Belle has recently inherited the cabin, which once belonged to a grandmother she never knew – a legendary fly fisher and journalist from the 1920s. Kate Watkins may have once been spoken of with great reverence and pride among her peers, but after she is accused of murdering her lover, her life falls into ruins. Her fortune lost in the stock market crash and her reputation utterly destroyed, Kate retreated into seclusion in the remote cabin. After her death, the fishing cabin remained locked and virtually abandoned for decades.
Little does Belle realize that by opening the cabin doors to Mia for a summer’s sanctuary, she will be reopening the scandal that has plagued her family for generations.
From her first step inside the dusty cabin, Mia is captivated by the remnants of Kate’s mysterious story left behind in the eccentric furnishings of her cabin. And though Belle, ashamed of the tabloid scandal that tortured her mother, warns Mia not to fan the flames, Mia feels compelled to find out more about Kate…especially when she discovers Kate’s journal.
The inspiring words of a remarkable woman echo across the years; and Mia – just learning to fly-fish – finds Kate’s wise words comparing life to a river resonate deeply. She begins a quest to uncover the truth behind the lies. As she searches newspaper archives and listens to the colorful recollections of the local residents, the story of a proud, fiercely independent woman emerges.
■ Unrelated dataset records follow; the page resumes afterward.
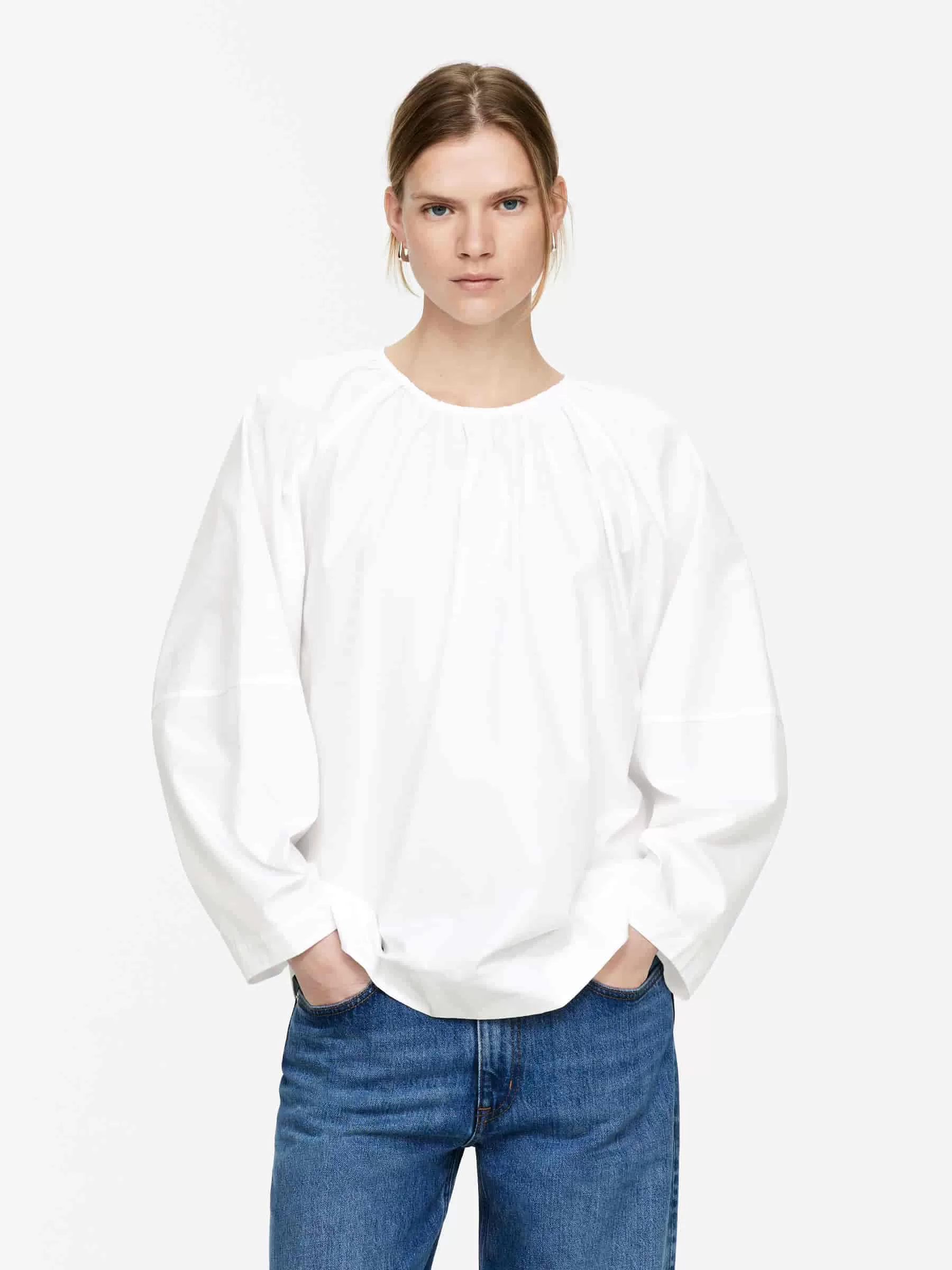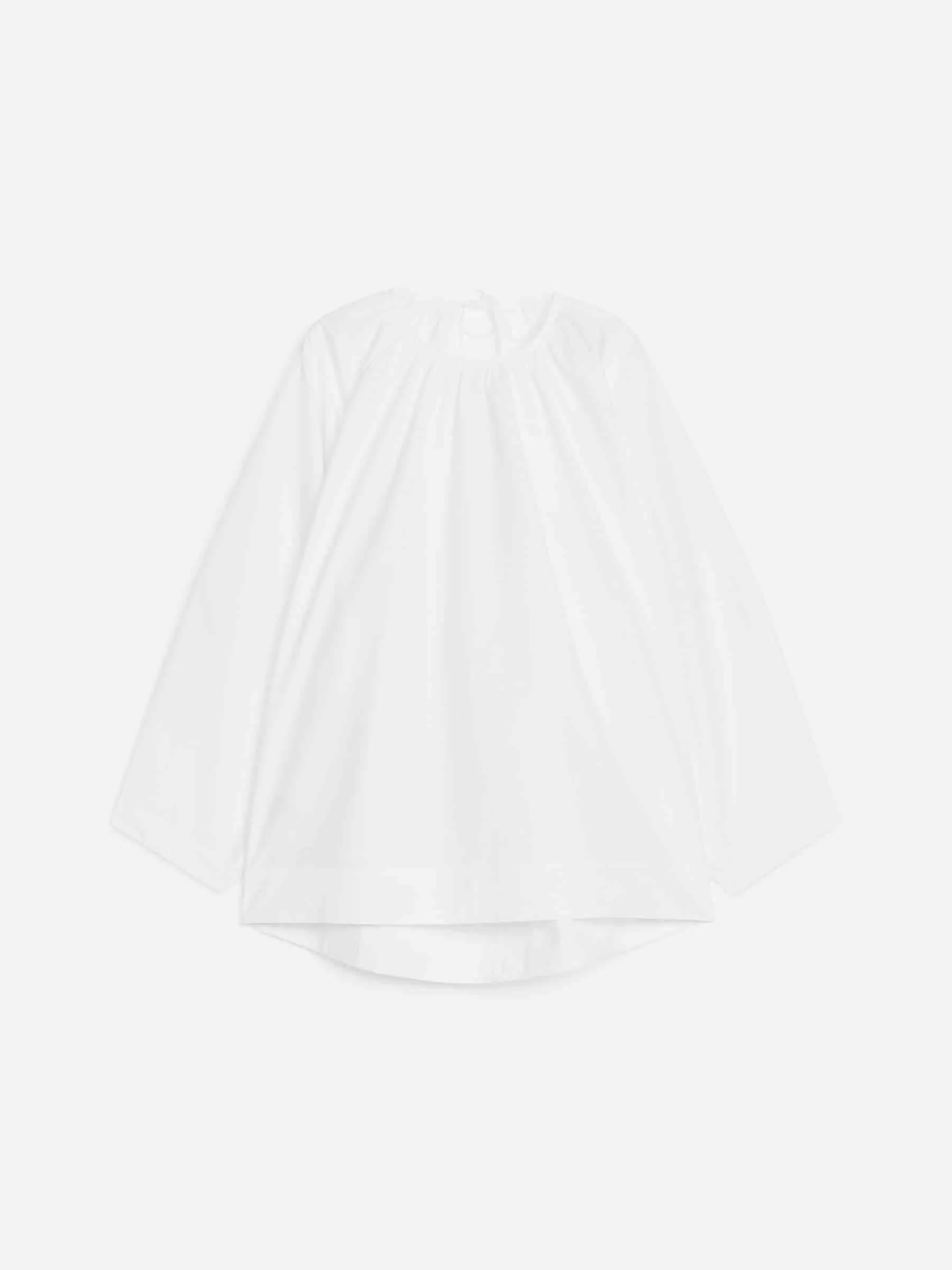 Cotton blouse styled with an open back, gathers at neck and self-ties at centre back. Loose fit.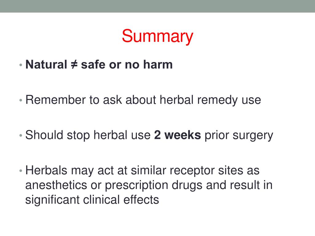 Summary • Natural ≠ safe or no harm • Remember to ask about herbal remedy use • Should stop herbal use 2 weeks prior surgery • Herbals may act at similar receptor sites as anesthetics or prescription drugs and result in significant clinical effects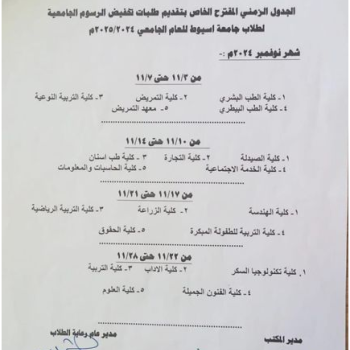 Proposed timetable for submitting tuition fee reduction requests for Assiut University students for the academic year 2024/2025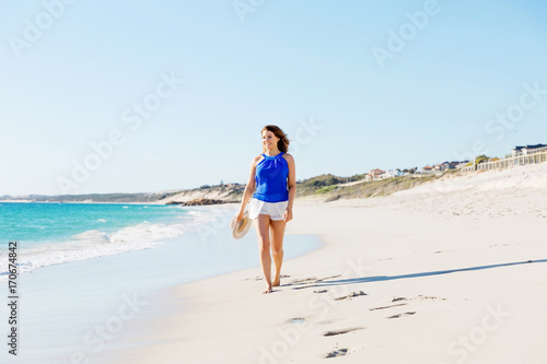 girl, beach, summer, walk, walking, woman, young, sea, water, ocean, beauty, beautiful, vacation, smile, sun, white, health, sky, happy, hair, light, 1, attractive, people, caucasian, healthy, blue, nature, fun, travel, sand, female, face, outdoors, relax, lovely, natural, adult, freedom, portrait, cute, cheerful, pretty, bikini, tan, swimwear, tropical, body, person, fresh
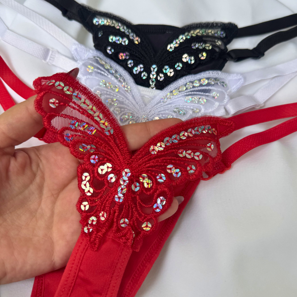 Calcinha Borborleta Brilho Sexy Regulagem Várias Cores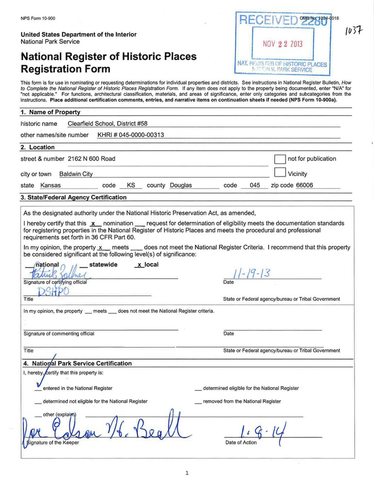 Baldwin City ; 2162 N. 600 Rd.

Mia feels a strange kinship with the woman who, like her, suffered fears, betrayal, the death of loved ones, and a fall from grace – yet found strength, compassion and, ultimately, forgiveness in her isolation. A truly inspiring story is revealed – timeless in its appeal, with the power to reopen old wounds, but a story which also is a miraculous balm – bringing peace and healing for Mia, for Kate’s descendants, and for all those in Mia’s new community.
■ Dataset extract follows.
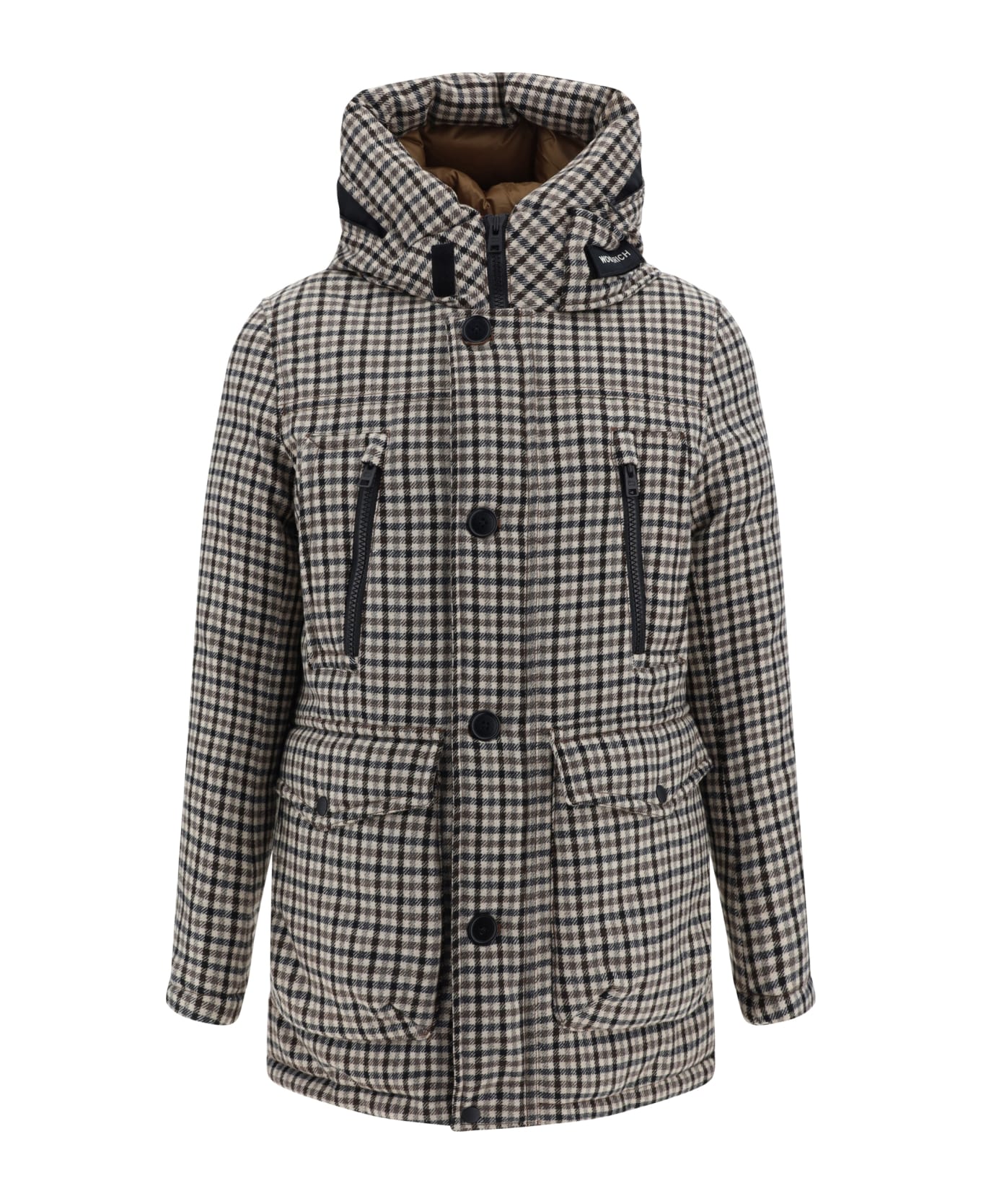 Wool arctic down jacket by woolrich, high-necked hooded design, front button and concealed zipper closure, padded and quilted design, multicolored plaid pattern, two large patch flap pockets on front, elastic cuffs, patch with iconic brand monogram applied on front, two sonic zipper pockets on front, regular fit.

I absolutely enjoyed reading this book. I found that the plot was relatively fast-paced – although there were some scenes that moved along at a more leisurely pace. Overall though, this was a very quick read that drew me in right from the beginning. I was also intrigued by the mysterious subplot and wanted to know what would happen next. I give this book an A! and look forward to reading more from this author in the future.